The coronavirus pandemic is spurring adoption of an array of disruptive technologies that were, well, already disrupting prior to COVID-19 becoming part of our daily lives.

What Happened: Count fintech as one theme that was already on an impressive upward trajectory that's getting an assist from changing habits due to the virus. That partially explains the success of the ARK Fintech Innovation ETF (NYSE: ARKF) this year.

ARKF is something of a hidden gem among ARK Investment Management's stable of actively managed funds because it's not one of the firm's three ETFs with big Tesla (NASDAQ: TSLA) exposure nor is it involved in the sexy genomics space.

Why It's Important: Home to the likes of Square (NYSE: SQ) and PayPal (NASDAQ: PYPL) – ARKF is the ETF with the largest allocation to the former – the ARK fund is uniquely positioned to capitalize on the move to cashless/contactless payments pushed by COVID-19.
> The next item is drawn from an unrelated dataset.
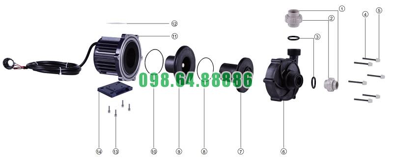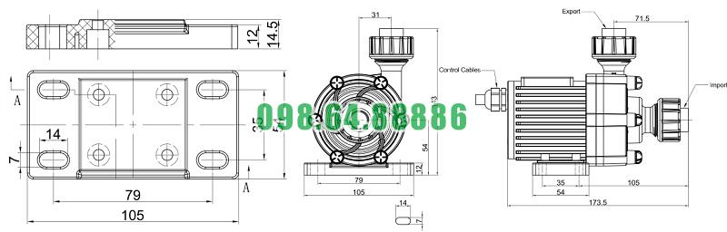 Hình ảnh cấu tạo và kích thước bản vẽ chi tiết bơm hóa chất điện 24v và 48v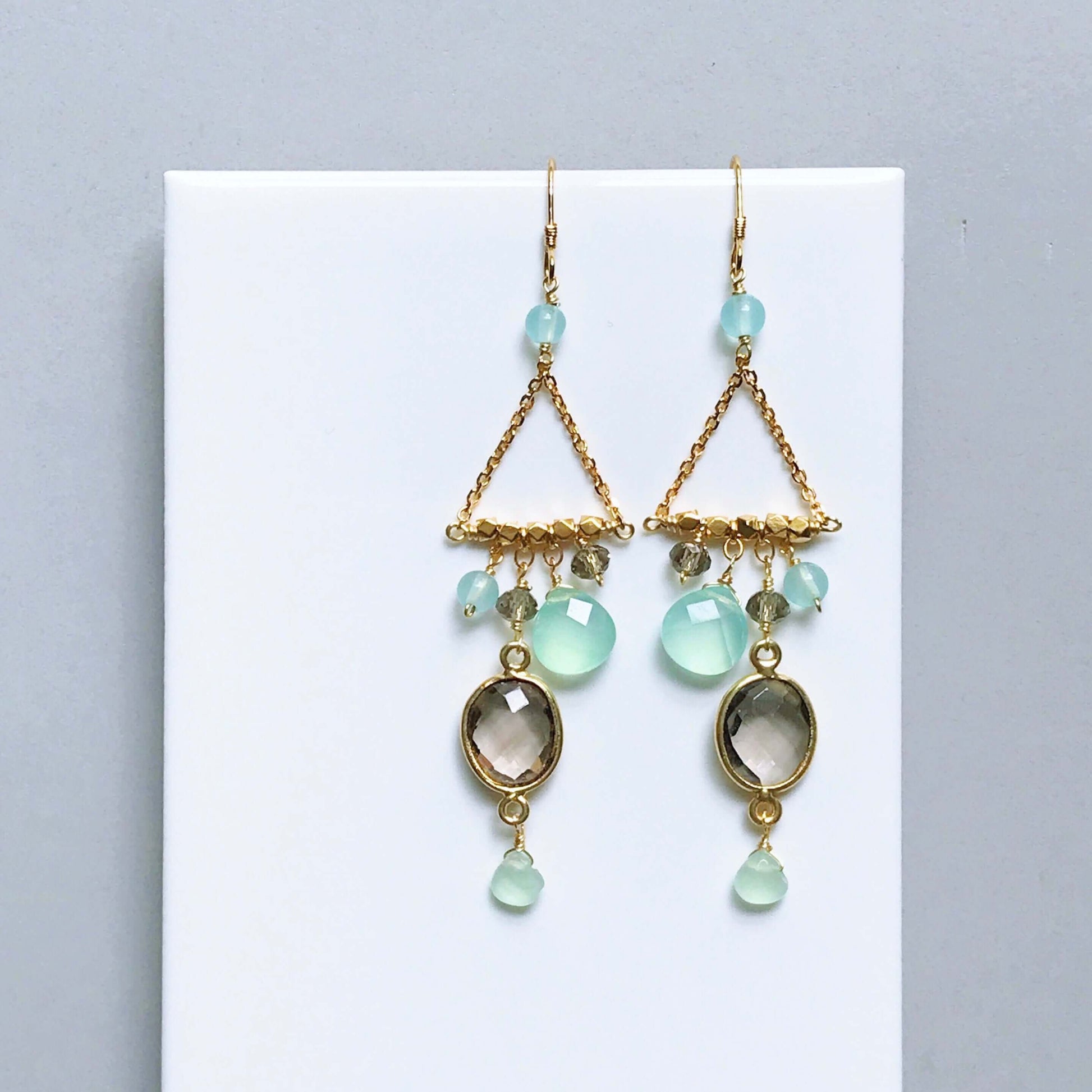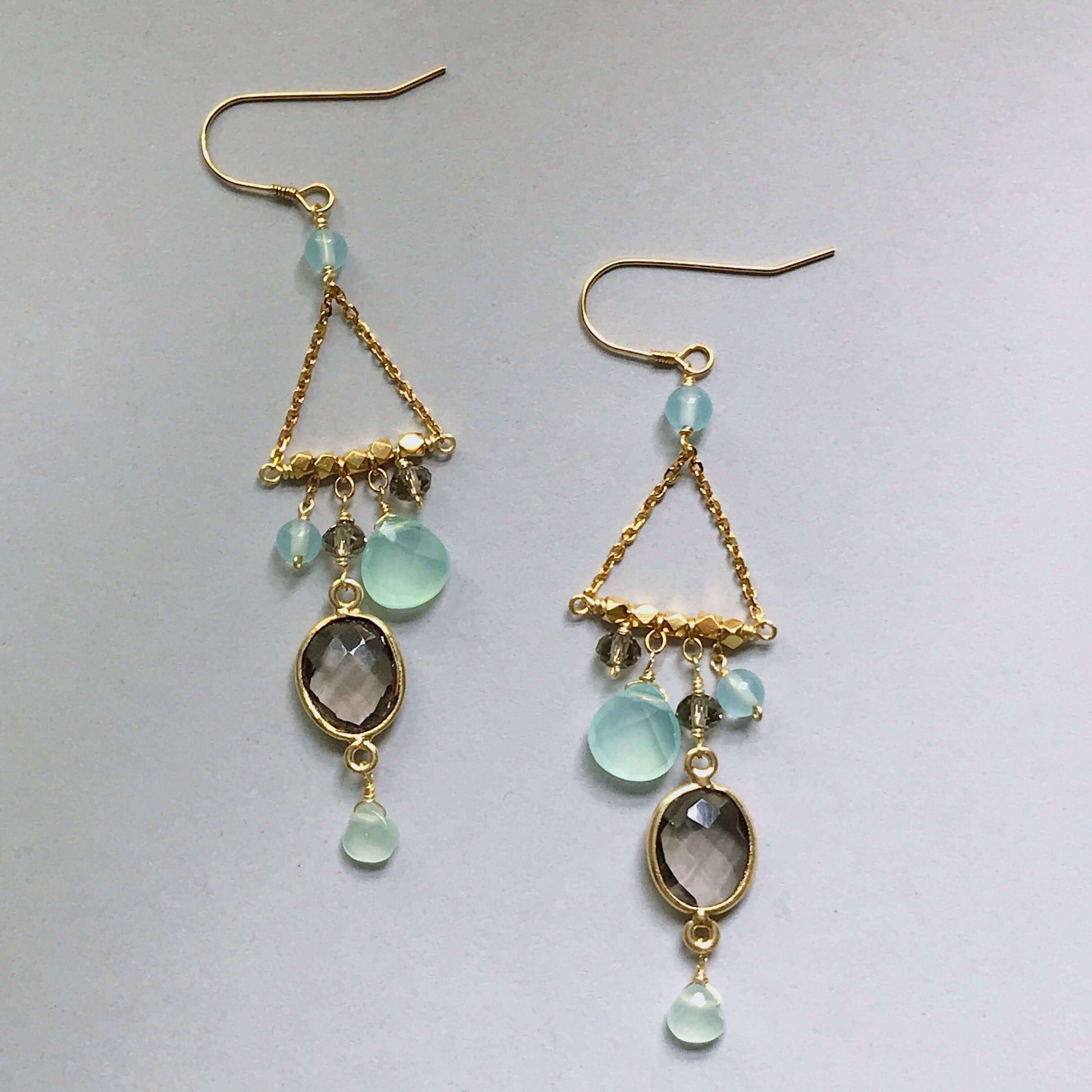 Our "chandie" earrings are a modern take on classic chandelier earrings, using gemstone color combos and varying stone shapes and sizes.

“We see PayPal as the best positioned in the very near term, given its focus on e-commerce, but we believe it will ultimately give back a portion of recent growth,” according to Morningstar. “We think the market is overly focused on this near-term tailwind and competition for online payments will heat up over time.”

PayPal is the sixth-largest ARKF component at a weight of 3.75% as of Dec. 21. While PayPal may face online payments competition, it enjoys superior brand enthusiasm and its move into the cryptocurrency universe is a long-term catalyst.
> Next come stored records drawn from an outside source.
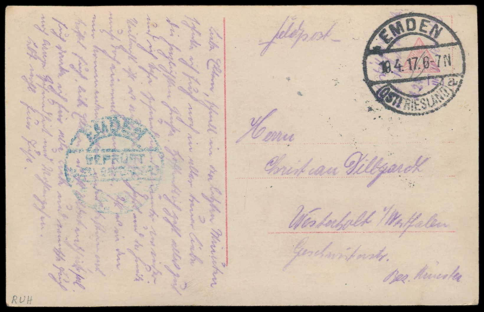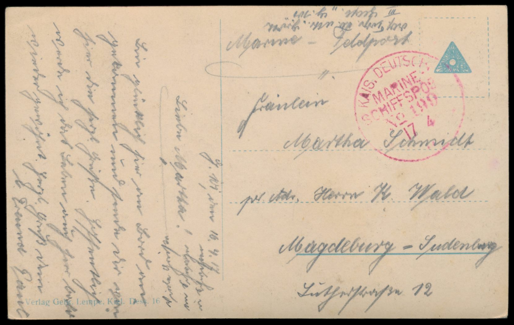 Stempel MSP No. 199 17.4.17, 3. Torpedoboots-Halbflottille, rote Stempelfarbe, Ansichtskarte nach Magdeburg, handschriftlicher Absender ... "G 101", Bedarf
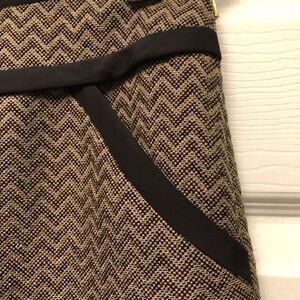 This skirt is in like new condition. It is a wool blend and has piping around the top. It also has pockets!!! How exciting is that? It is lined. It is approximately 15 1/2” long.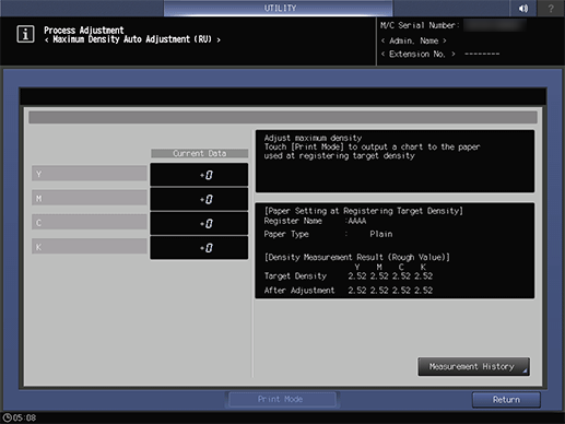 The automatically adjusted result is displayed in Current Data. This value is applied to Maximum Density Adjustment.
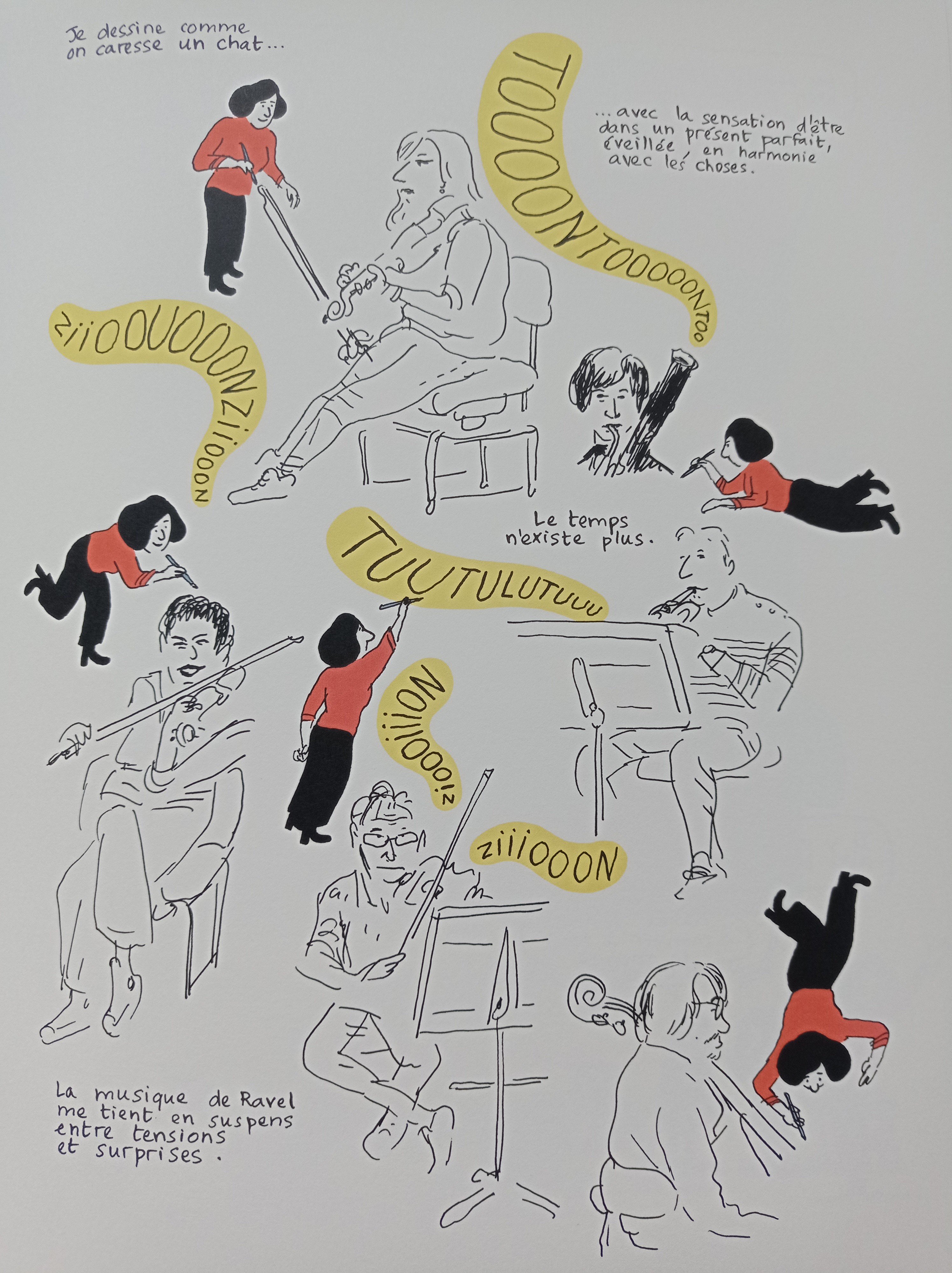 Résumé : Quand elle était plus jeune, Dorothée de Monfreid aimait écouter {L’enfant et les sortilèges}. Devenue une autrice de bande dessinée expérimentée, elle a envie de travailler sur cette œuvre musicale née de l’imagination et la malice de deux artistes du début du XXe siècle : Colette et Ravel. Peu de temps après s’être lancée dans son nouveau projet créatif, elle apprend que cette pièce est jouée à l’Opéra Garnier. Bien évidemment, elle s’empresse d’acheter une place pour la représentation qui doit avoir lieu quelques mois plus tard. En partageant son idée avec son éditeur, qui n’est autre que Mathieu Sapin, elle obtient l’opportunité de réaliser une bande dessinée de reportage sur les répétitions de cette œuvre. Elle découvre ainsi avec émerveillement les coulisses l’Opéra Bastille, où s’élaborent les premiers préparatifs, ainsi que celles de l’Opéra Garnier, où se tiennent les ultimes répétitions avant la représentation.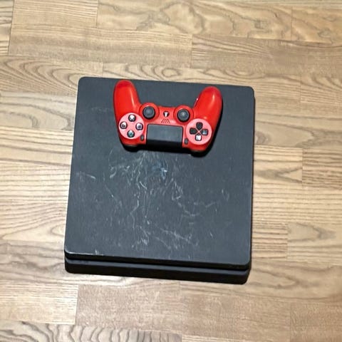 Playstation 4 spillekonsol med tilhørende controller. Virker upåklageligt og har været renset jævnligt.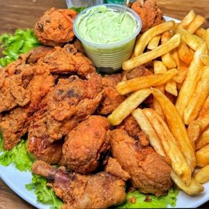 Acompanha porção de batata frita, Arroz, feijão macassar, farofa e vinagrete.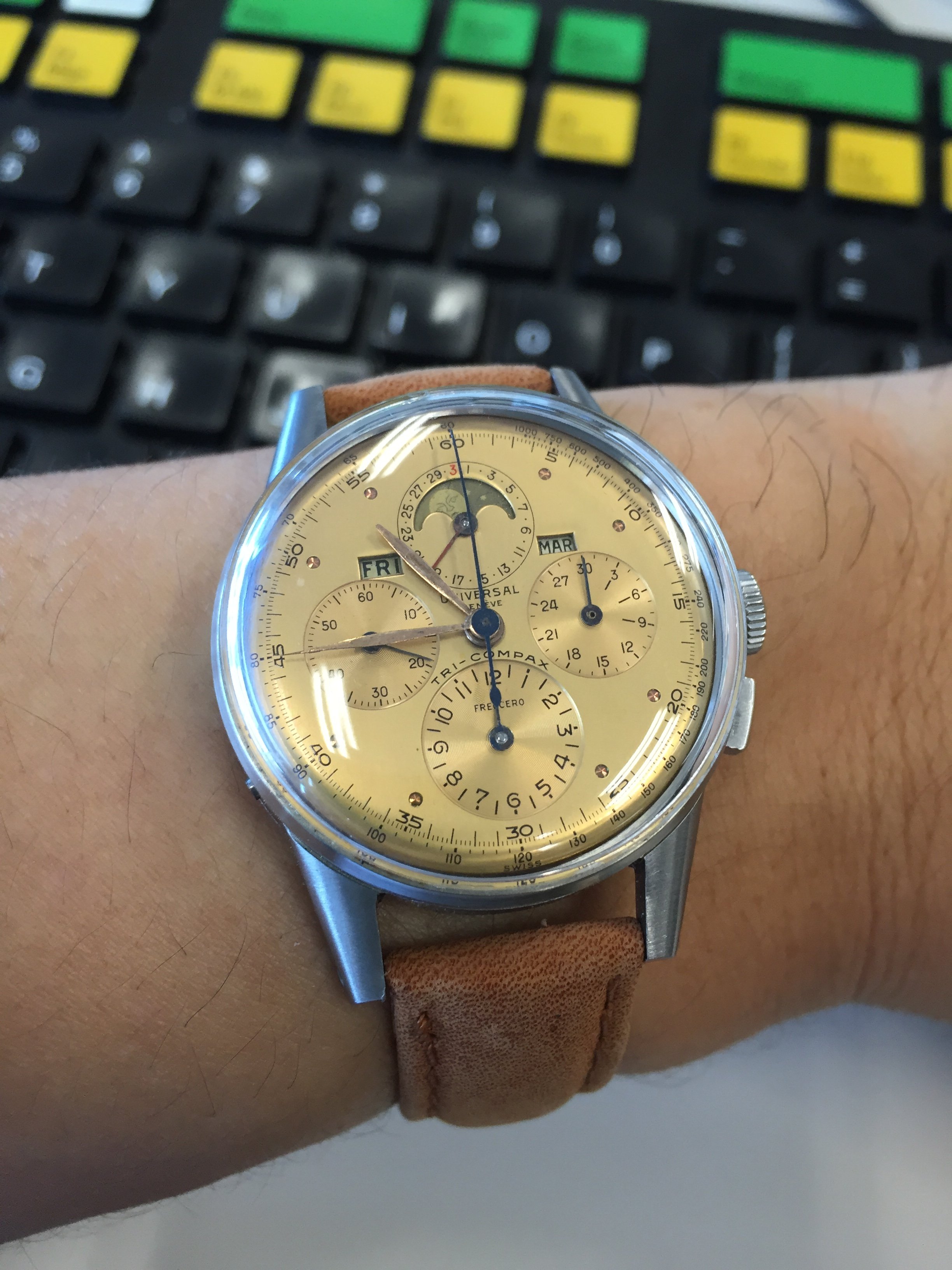 Posts 2,070 Likes 14,603 Traveler 路Mar 17, 2016 Evening switch to a new arrival that was waiting at home 馃榿 - Zenith with creamy sub dials...

“Numerous payments industry participants have said that they have seen the shift away from cash accelerate through the coronavirus pandemic, as handling cash is viewed as a potential way to spread the disease,” notes Morningstar. “The shift away from cash was an existing trend, but if this persists it could pull forward this trend and benefit the payments industry as a whole by increasing the volume running through electronic payment systems.”
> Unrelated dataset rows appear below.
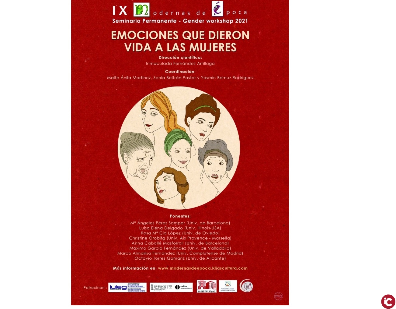 «Emocions que van donar vida a les dones» és el títol específic de la novena edició del Seminari Permanent Modernes dÈpoca, seminari obert i gratuït organitzat per lInstitut Universitari dInvestigació en Estudis de Gènere (IUIEG) i la Seu Universitària Ciutat dAlacant de la Universitat dAlacant, enguany sota la temàtica de la història de les emocions i els sentiments viscuts per les dones i interpretats des de diferents ciències. Per a això, el seminari compta amb la participació despecialistes daltres ciències, que aportaran les seues visions diferents, com són hispanistes, experts en història antiga o en literatura, entre altres.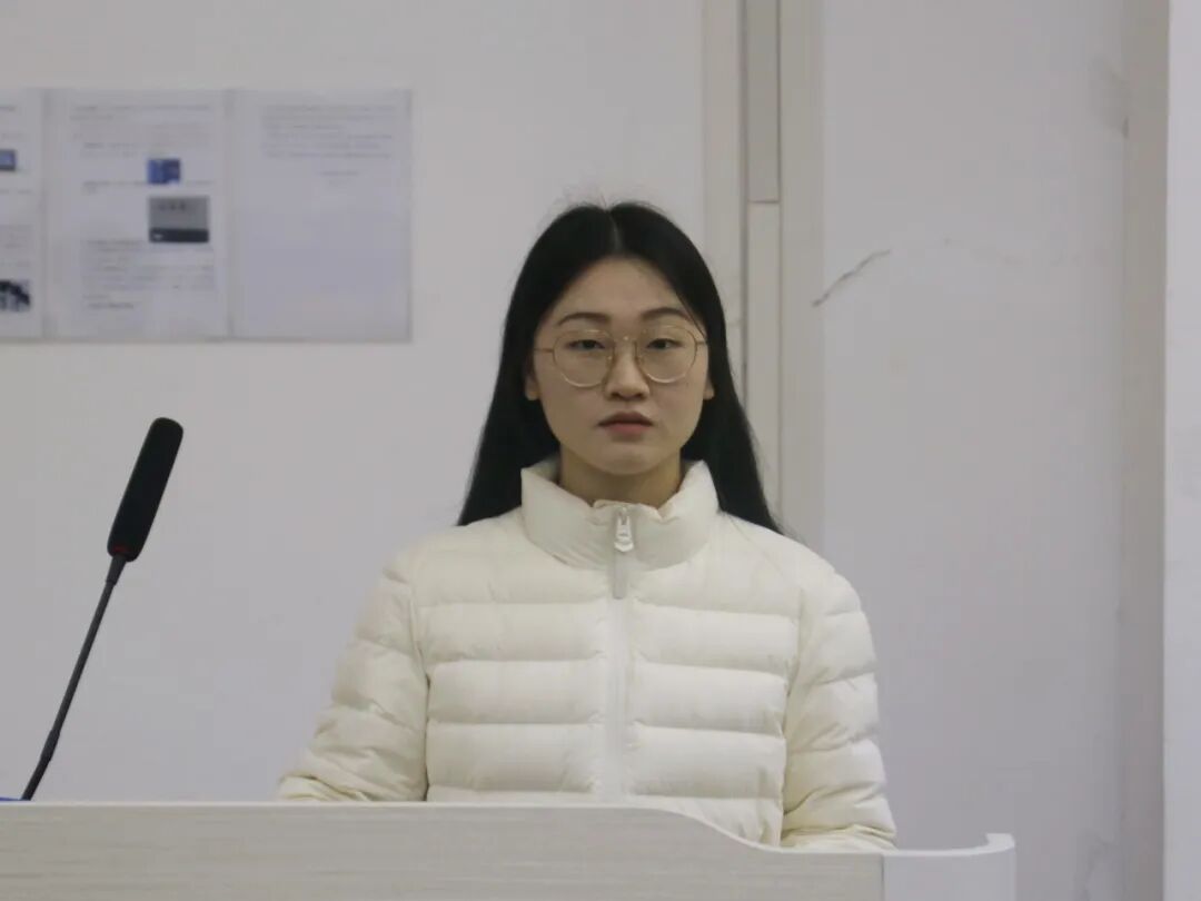 研究生会主席团成员张美琳对本学期整体工作情况进行总结回顾。她强调了研会主席团将进一步围绕“旗帜化、规范化、精准化、品牌化”建设目标,推进开展对研会成员的思政教育、组织建设等系列工作,并就目前工作的情况,深刻反思了研会存在的短板,明确在未来的工作中将进一步加强研会成员的学思践悟,推动研究生会工作实现新突破。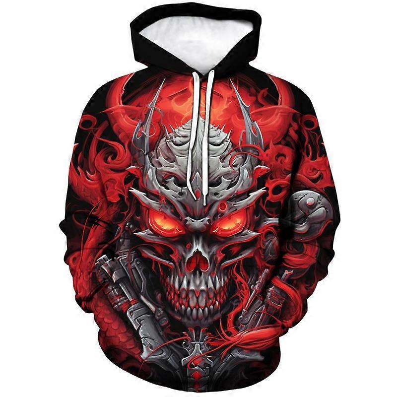 Men's Futuristic Skull & Armor Graphic Hoodie Red & Black Art Print Pullover Edgy Casual Sweatshirt

What's Next: ARKF clearly benefits from its nearly 11% weight to Square, a stock that's up more than 273% year-to-date, a rally that refutes the oft-cited thesis that shares are vulnerable to weakness in small- and mid-sized businesses.

Square is levered to the cashless payments theme, but offers more as digital wallets remain grossly undervalued relative to traditional bank accounts and as the company encroaches upon frontiers, including lending and payroll, typically dominated by old guard financial services firms.

Disclosure: The author holds a position in Square.